Okay, so I had a bad life, but who cared, I let my guard down continuously, got used to being loved and then the feeling disappeared. And then I went back to my best friend, my love, basically my bucket of never-ending pills. It’s an exciting loophole! No, it’s not, it’s a never ending twist, it’s like there’s life with no ending, no death. Counting days, every breath I take feels like a waste on me. All they do when they leave is leave bruises. Everyday I awake at night, pace down the hall way, twist my hands shakily into knots, wasting my time on weighing down the pros for cons, but eventually get back to it. My pulse rises every second, I’ve been holding on to find an exit but this won’t stop me. Deep breaths, it hugs me, nurtures me and drags me up when I’m drowning. I’ve been told to get you off of my side, but I need you by my side. If only I could hold onto you, but your end date comes by too quick.

Agitated, I pull you out of the plastic bag, syringe, box, bottle and swallow you. I take you out and insert you into my veins, I sniff your presence and your smoke pleasurably seeps into my lungs. I‘m lost in your love. Nobody else was there for me.

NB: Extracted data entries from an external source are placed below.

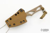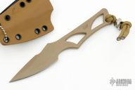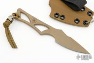 Enyo - a fitting name for this knife, Enyo, was an ancient goddess of war, acting as a counterpart and companion to the war god Ares. This companion knife can be worn around the neck or in a pocket / inside the waist band (IWB). The Enyo’s design makes it a comfortable everyday carry fixed blade with great ergonomics. Enyo is perfectly suited for daily cutting tasks, and is always ready to assist the user. The form fitted Kydex sheath. Pewter Spartan helmet bead on lanyard. This Enyo has a Flat Black coating (SpartaCoat – PVD – Tungsten DLC) and a black Kydex sheath. Has some scuffs, otherwise good condition.
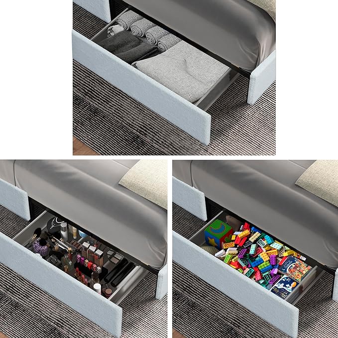 - 【Drawer System】Equipped with two spacious, plastic-lined under-bed drawers that can each support up to 40 lbs. The drawers measure 29.5" x 19.3" x 5.9" and are dust-proof, easy to clean, and perfect for storing bedding, clothing, gadgets
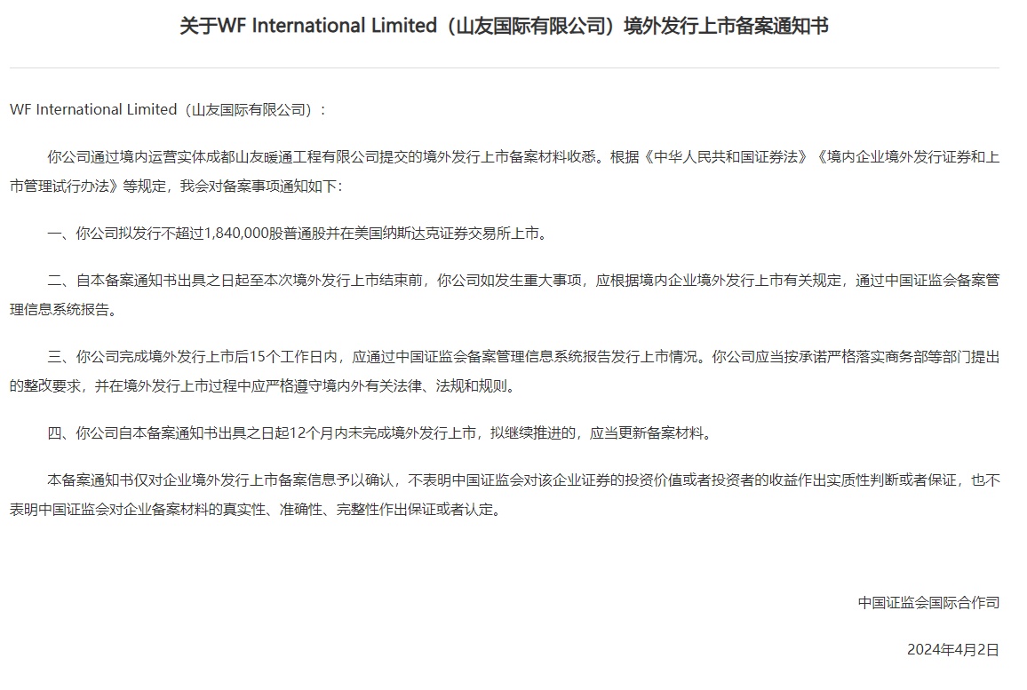 智通财经APP获悉,4月2日,证监会国际合作司发布《关于WF International
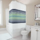 Fun retro/mod navy blue, teal, and green striped shower curtain gives that fun 70's/80's feel to your bathroom. Simple and minimalist, it's a bright yet soothing pop of colour that blends well with many design styles, from retro to transitional to nautical.
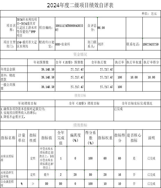 - 对2024年水利局项目—重庆市大足区上游水库等存量资产PPP项目开展了绩效评价,涉及财政拨款项目资金27,217.47万元,评价得分100分,评价等次为优。
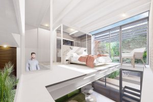 On the upper floor, there are three double bedrooms, two of them with bathroom en suite. From one of the rooms we can see unique views, since the architect has put a vertical garden. In addition, on the roof we find a large private terrace. The promoter offers the possibility of adding extras to make the house more personalized.

Ashamedly, I peered up. Guilt rose inside of me. I still hadn’t done my work and my thoughts rose over me. Guilt changed to anger. It bubbles inside of me. It overtakes me. The need of pleasure rises inside of me. Angry, heart racing, my mind races back to the time when I had to fend for myself. When I had no one to lean back on. When I had nothing. Absolutely nothing. NOTHING AT ALL. NOBODY. NOBODY AT ALL. Looking back from the cabinet and my work. I screamed. I couldn‘t, could I? No this time it wasn’t about pleasure, it wasn’t about fulfilling it. It was about doing the opposite. Jumping up,, I faced my fears.

Opening the cabinet door, I pulled the stash that had been hidden inside of a bin bag and opened it. My biggest mistake. They started making me feel sense of what was happening: “No, we are the good guys, Trust us! We help you!” I couldn’t make sense of anything that had occurred, my mind instantly snapped back to the day I felt upset, angry. I grabbed the bag and threw it across the floor. I was going insane- my mind pounded as my heart lay dead. My eyes whizzed, I felt myself have a panic attack. Fuming, I skidded towards the bag and hugged it. Setting foot towards my work, I threw the canvas out of the window, my paints, my brushes, my carving tools and anything I would have wanted to keep a few years ago, before the grand prize arrived.

Is it worth it? Vale la Pena?

Needy and speedy, I ripped open the bag as claws began to form, growling my body wanted more energy. I was beginning to turn into an animal. My fangs wanted to sink into the pill. My mouth ravaged on the saplings in front of me. To everyone they were drugs but to me they were sweets or treats. Eagerly, I sat down clutching the cup, tick, tick, tick, tick... My vision blurred out. It was like my life had been taken out of my clutches. I was losing my mind, and I couldn’t do anything about it. My whole body was numb. My face felt like it had been replaced with wood, it was like my face had been robbed. My life was like the scene in the lion, the witch and the wardrobe, where Narnia had been frozen by the White Witch. The blinds had been pulled and I could feel the spun rays crack and stretch my skin as if I was a vampire. The blood trickled out, I jumped into a sleep, a sleep in which I wouldn’t know how to get back up in, I couldn’t anymore. I had no strength or the will to get back up, nor any reason. It was not like I needed to be anywhere or anybody needed me... except myself.

Coerse Es Un Accidente, Que Darse Ahi Es Una Eleccion. Falling down is an accident, staying there is a choice.